# Regulation changes at Kolob



## ridgetop (Sep 13, 2007)

I just read the proposed changes for Kolob in 2010. I hope it goes through, it would be nice to have a compromise of both bait and artificial fishers. I love the idea of a slot limit too. It would be great to be able to have the kids fish there again with bait. People, please support this change for all those who camp up there in the summer with there families.
Here's a link to the changes proposed: http://wildlife.utah.gov/public_meetings/info/may02.pdf


----------



## Jeremy28 (Dec 1, 2007)

I actually like the regulations there because the fish will be more numerous and bigger. I caught a 6.25lber there a year and a half ago that i probably wouldn't have caught if there wasn't the regulations that exist there now.


----------



## mjschijf (Oct 1, 2007)

ridgetop said:


> I just read the proposed changes for Kolob in 2010. I hope it goes through, it would be nice to have a compromise of both bait and artificial fishers. I love the idea of a slot limit too. It would be great to be able to have the kids fish there again with bait. People, please support this change for all those who camp up there in the summer with there families.


I have been hearing about these proposed changes in the regulations for a while, but what exactly are the proposed changes?

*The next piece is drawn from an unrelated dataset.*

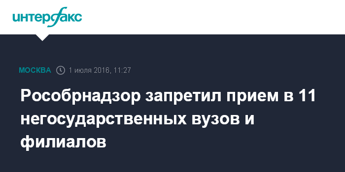 Москва. 1 июля. INTERFAX.RU - Рособрнадзор за неделю запретил прием в 11 негосударственных вузов и филиалов, сообщает в пятницу пресс-служба ведомства.

I agree with Jeremy28. I think the current regulations are what makes Kolob such a quality fishery. There are plenty of places to bring the kids and fish with bait in southern Utah. Why not have a place around like Kolob where you can go to get away from mob bait hucking crowds? That's just my 2 cents, but I might be a little biased...I hate fishing with bait.


----------



## ridgetop (Sep 13, 2007)

I posted a link to the new proposed management plan. It seems like it could be great for both sides. ( bait and fly fishers) BTW, big fish can be caught in almost all the southern Utah lakes not just Kolob. Why should all the families that live on Kolob during the summers have to drive over an hour to the closest trout lake to fish with bait when they have one 5 minutes away.


----------



## PBH (Nov 7, 2007)

Jeremy28 said:


> I actually like the regulations there because the fish will be more numerous and bigger. I caught a 6.25lber there a year and a half ago that i probably wouldn't have caught if there wasn't the regulations that exist there now.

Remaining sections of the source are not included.